Deelnemers: Gesprektafel 1 Landschap van de toekomst
Sjors Fröhlich
Maks van Middelkoop
Dirk Sijmons
Valerie Koppelle
Peter de Ruijter
Bart Krol
Wethouder 5HL en bestuurlijk trekker RMA-landschapsontwikkeling
Hoogleraar Landschapsarchitectuur aan de TU Delft
Architect en stedebouwkundige, oprichter KasDelft
Landschapsarchitect en stedebouwkundige
Adviseur fysieke leefomgeving, voorzitter 11e Eo Wijers Prijsvraag
Het nieuw landschapsontwerp voor de regio Alblasserwaard-Vijfheerenlanden was het gespreksonderwerp aan de eerste gesprektafel. Max van Middelkoop, bestuurlijk trekker van de RMA-landschapsontwikkeling, vertelt dat het landschap wordt bedreigd door wateroverlast, energiewinning, bebouwing, wegenaanleg en zeespiegelstijging. Daarmee rekening houdend proberen de gemeenten in de regio gezamenlijk een beeld te krijgen hoe het landschap in 2050 moet uitzien. Van Middelkoop neemt landbouw en natuur als voorbeeld. “De manier waarop het land agrarisch wordt gebruikt staat onder druk. Er spelen zaken zoals bodemdaling, verdroging van de bodem en het feit dat er ruimte, dus grond nodig is voor allerlei nieuwe ontwikkelingen.” Hij vervolgt: “Daarbij bevindt de omvang en de kwaliteit van de natuur zich in een neerwaartse spiraal. Kortom: er moet iets gebeuren in de strijd om de ruimte en respect voor landschap. De vraag is dan wat?”, aldus Van Middelkoop. Hij vertelt dat de toekomst van het landschap van de Alblasserwaard-Vijfheerenlanden zo belangrijk is, dat het werken aan landschapsontwikkeling voor hem meer dan urgent is. Hij benadrukt dat bij alle andere RMA-opgaven expliciet gekeken moet worden naar de eventuele gevolgen van deze opgaven voor het landschap. “Respect voor het landschap dient centraal te staan, bij iedere RMA-opgave!”

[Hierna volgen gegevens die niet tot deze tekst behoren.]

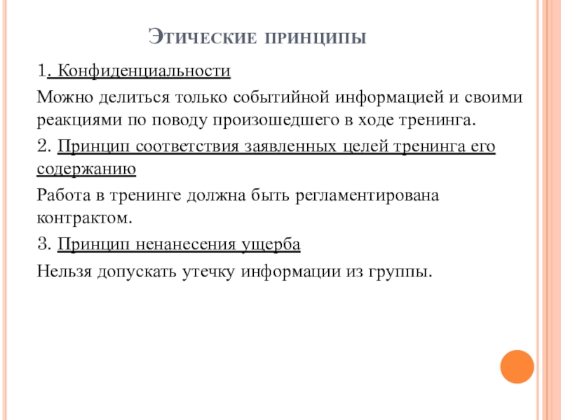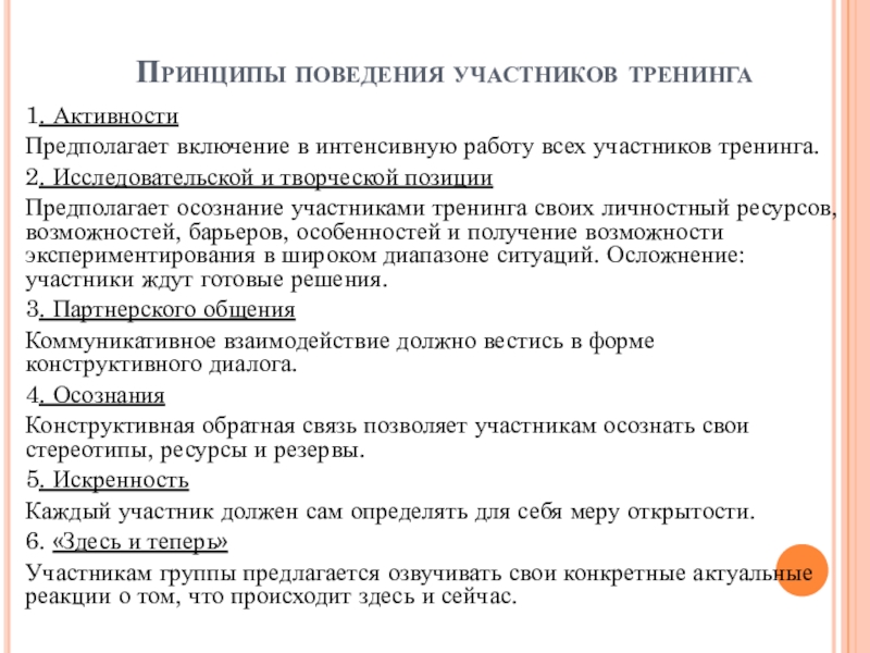 Слайд 21. Основные принципы тренингового взаимодействия.
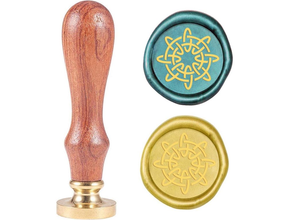Kovové pečetidlo s dřevěnou ručkou pro práci s pečetními vosky.
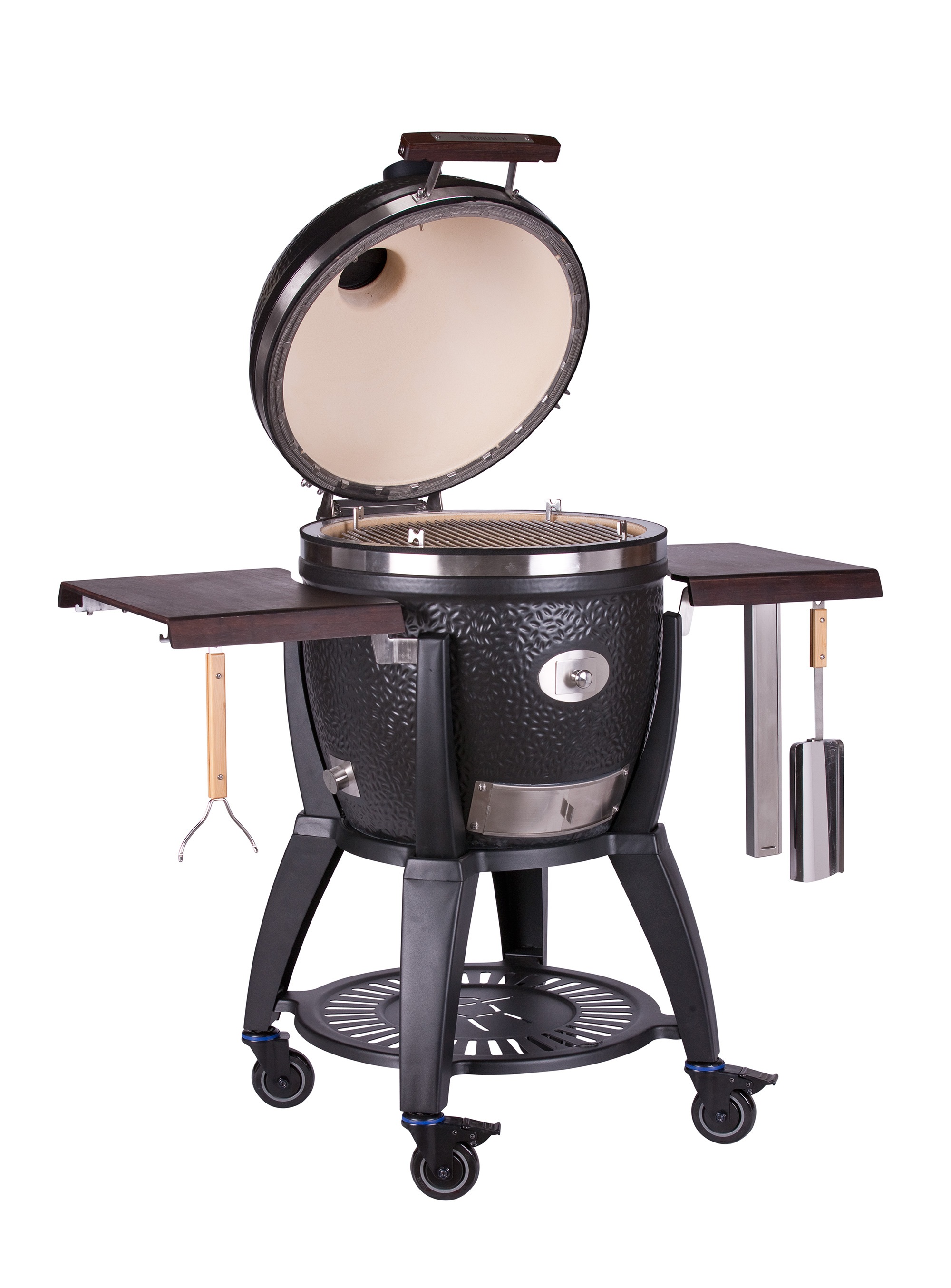 Die hochwertige Silikatkeramik, mattgebürstete Edelstahlelemente, die Glasfaserdichtung und nicht zuletzt das integrierte LED Licht im Griff zeichnen diesen aussergwöhnlichen Kamado aus.
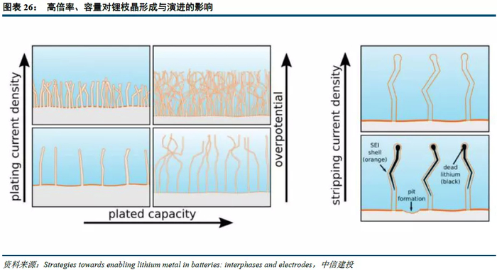 低倍率充放条件下,锂枝晶形成与演进的动力学驱动力不强。但消费者对电池倍率性能有偏好(以整车为例,对应动力性和快充能力等)。在高倍率条件下,电池单体的寿命保持较高水平的难度也大幅增加。
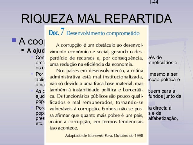 44. 44. I-44 RIQUEZA MAL REPARTIDARIQUEZA MAL REPARTIDA  A cooperação internacional  A ajuda ao desenvolvimento  Contudo, a ajuda monetária, quando é prestada através de empréstimos, aumenta a dívida externa dos países beneficiários e os respectivos juros  Por outro lado, muitas vezes é mal gerida, chegando mesmo a ser aplicada em favor pessoal ou de uma determinada facção política e a não cumprir o seu objectivo inicial (Doc. 7)  As organizações não governamentais também contribuem para a ajuda ao desenvolvimento através da angariação de fundos junto da população dos países desenvolvidos  Porém, a sua acção mais importante passa pela ajuda directa à população carenciada através da distribuição de bens e da prestação de serviços como a assistência médica, a alfabetização, etc.
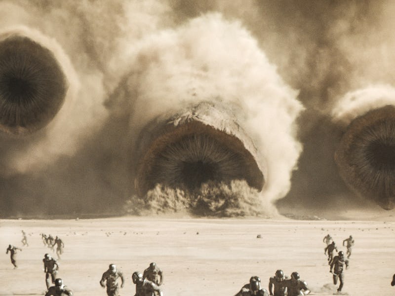 One of the most incredible things about Denis Villeneuve’s Dune movies is how immense everything looks. Each brutalist building feels like an eighth wonder of the world looming over the minuscule masses of people. The desert of Arrakis stretches on endlessly, making our hero Paul Atreides (Timothée Chalamet) seem like a speck of sand. And then there are the sandworms, whose gaping mouths seem gigantic enough to swallow a small city (or at least a very large spice harvester).
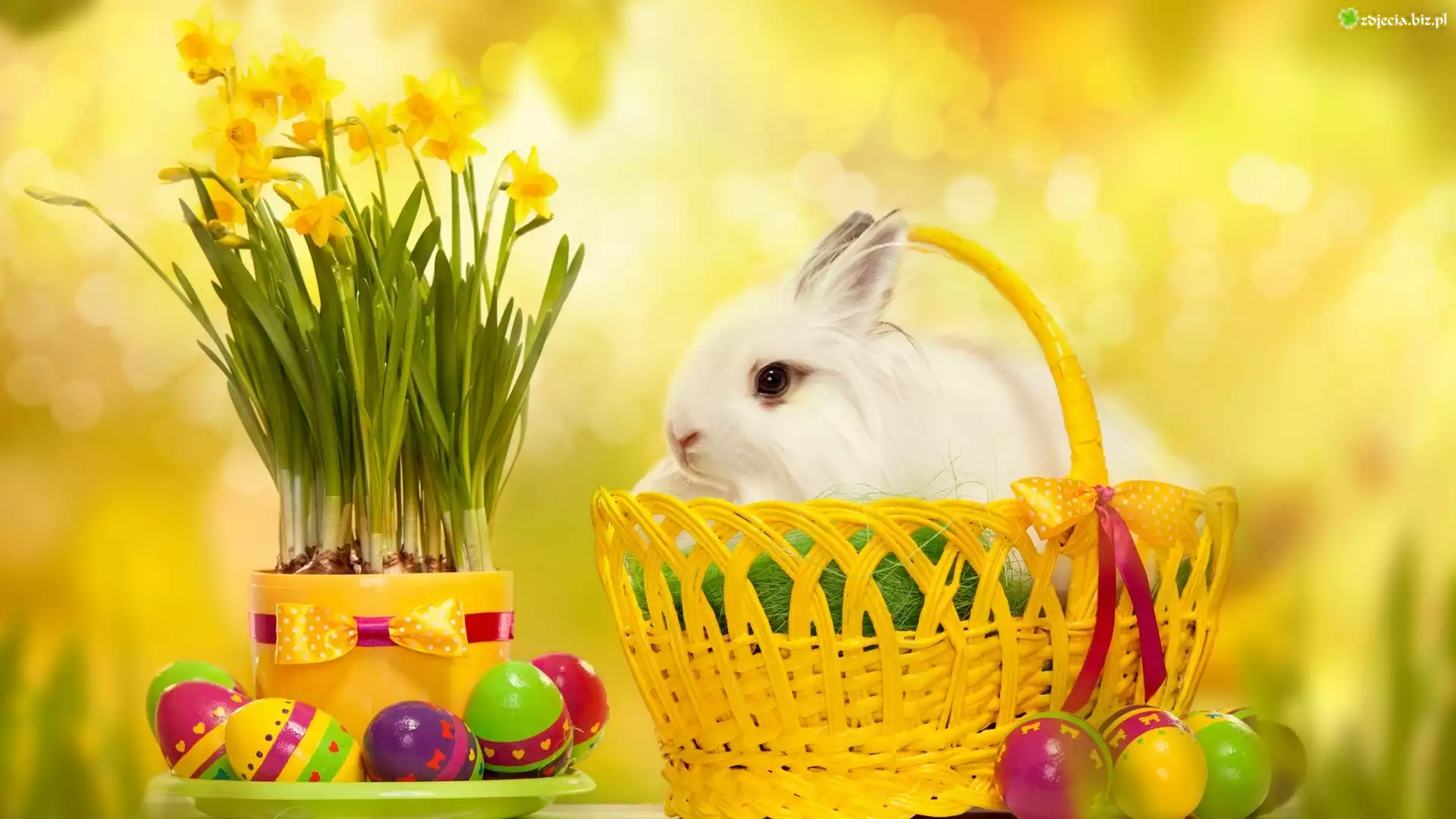 Zdjęcie Wielkanoc, Zając, Pisanki, Żonkile, Koszyczek
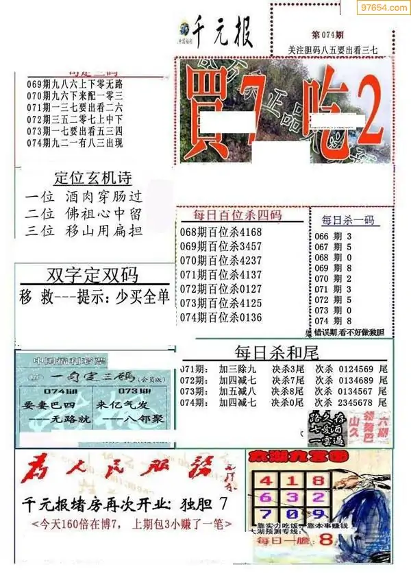 26年074期千元报每日推荐(新版)
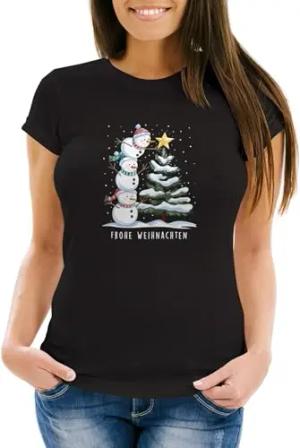 Damen T-Shirt Frohe Weihnachten Schneemann Design Aufdruck Schrift Weihnachtsoutfit Lustig Schwarz M
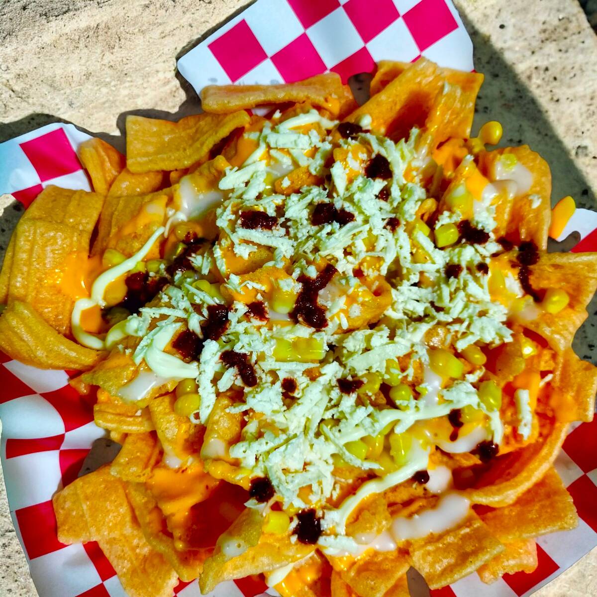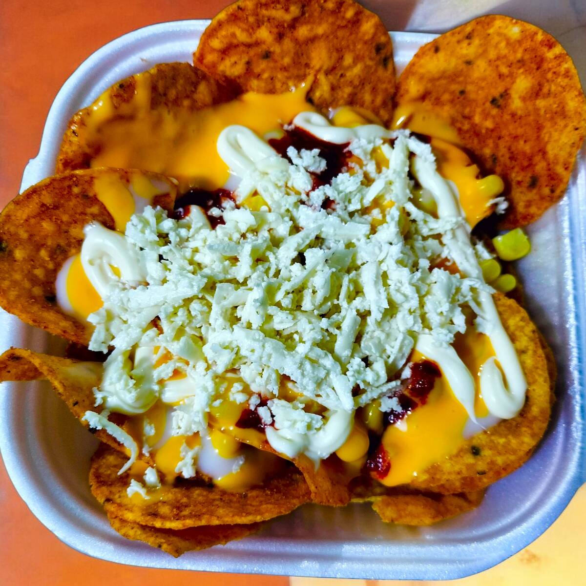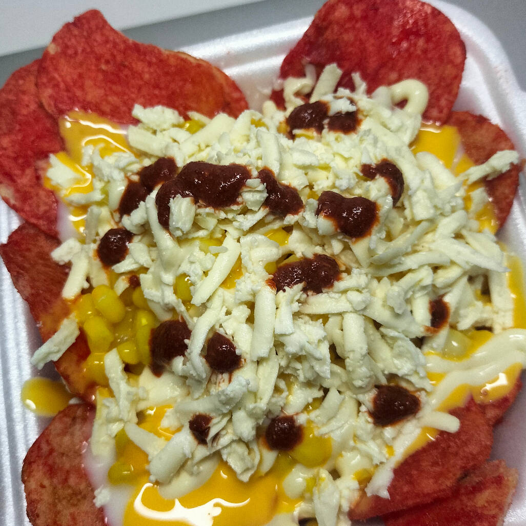 Tostitos flaming hot con granos de elote amarillo, crema, queso amarillo, mayonesa y queso blanco.
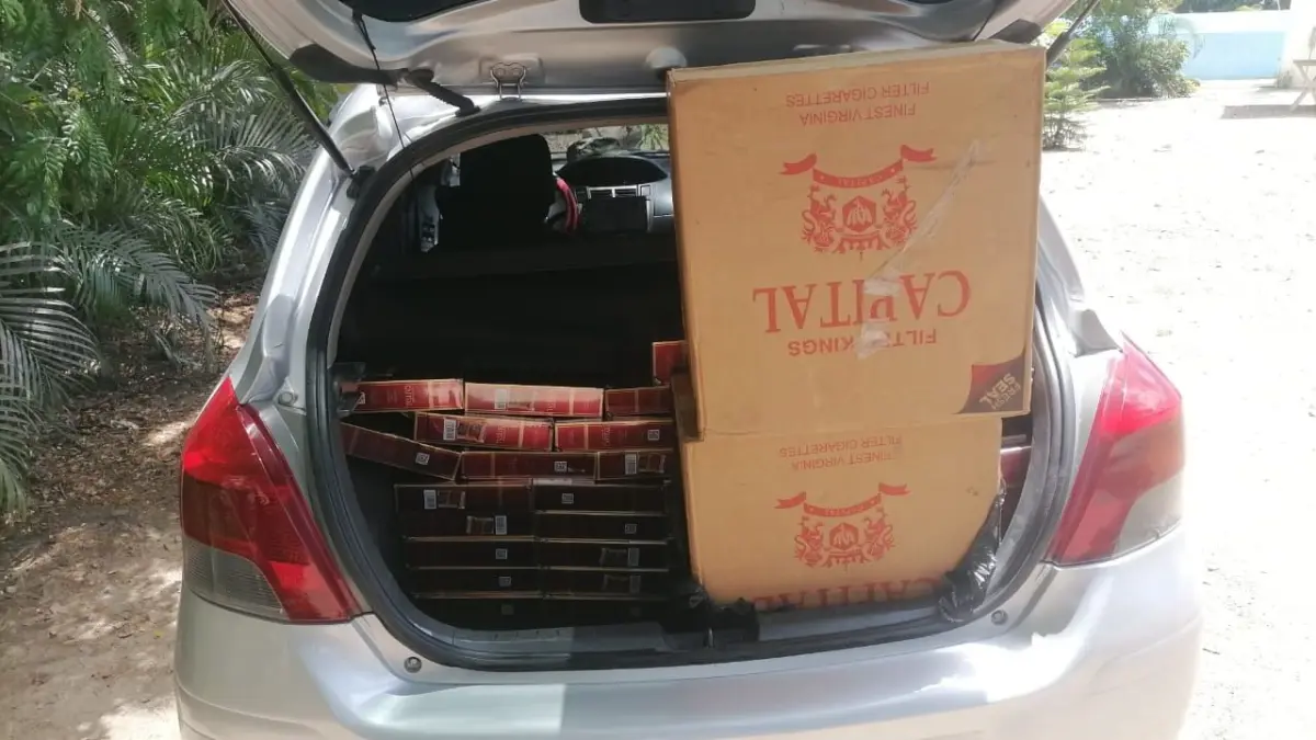 El alistado conducía un carro Toyota, modelo Vitz, color gris, cuando fueron encontradas en el interior del mismo, las cajas con los cigarrillos marca Capital, que suman un total de 59,400 unidades.
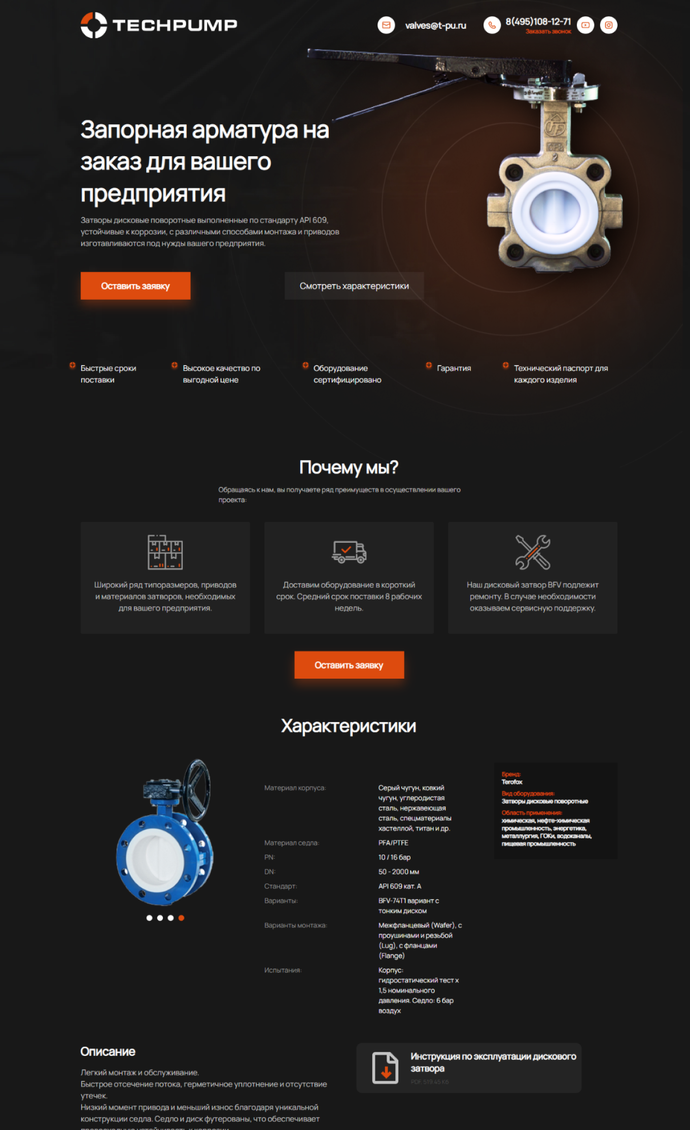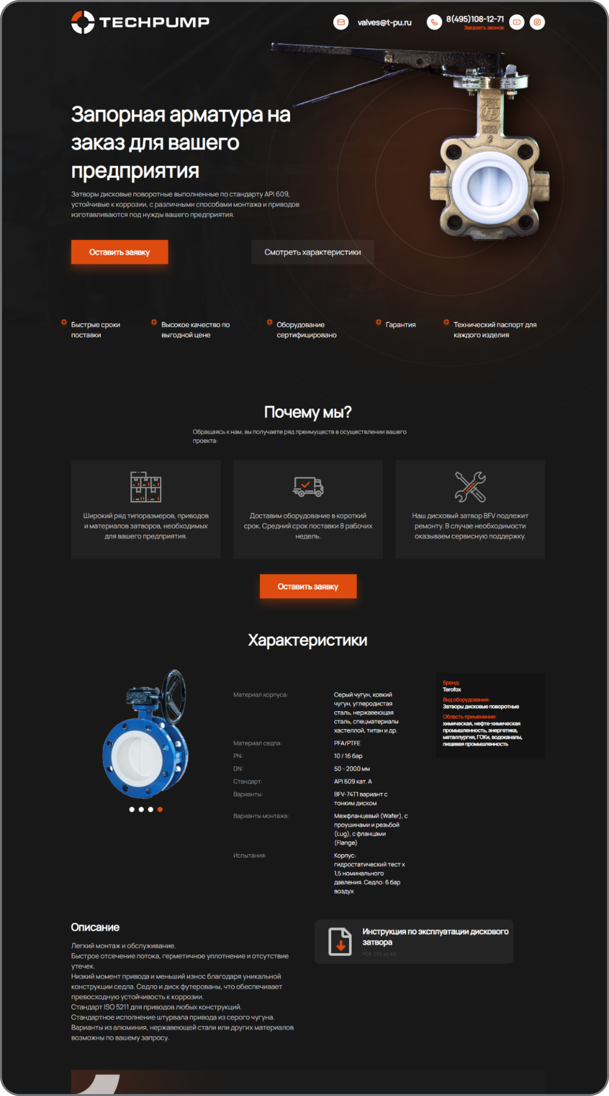Разработали сайт для компании, которая занимается производством запорных арматур для предприятий на заказ, для тестирования рекламной кампании

Dirk Sijmons, emeritus-hoogleraar landschapsarchitectuur aan de TU Delft, onderschrijft het verhaal van Van Middelkoop en voegt daar nog een gebiedsoverstijgend argument aan toe. “In het landschap waar Van Middelkoop het over heeft, komen allerlei grote opgaven van de 21e eeuw elkaar tegen. Denk aan energietransitie, klimaatbeleid, het stoppen van de achteruitgang van de biodiversiteit en het streven naar duurzame bodemvruchtbaarheid.” Sijmons vindt dat de inrichting van de landbouw bij alle opgaven van het grootste belang is. “De boeren hebben de sleutel in handen voor oplossingen. Maar alleen technische oplossingen zoals bijvoorbeeld drainages en stalaanpassingen zijn niet voldoende. Er zal ook naar collectieve oplossingen op landschapsniveau moeten worden gezocht.”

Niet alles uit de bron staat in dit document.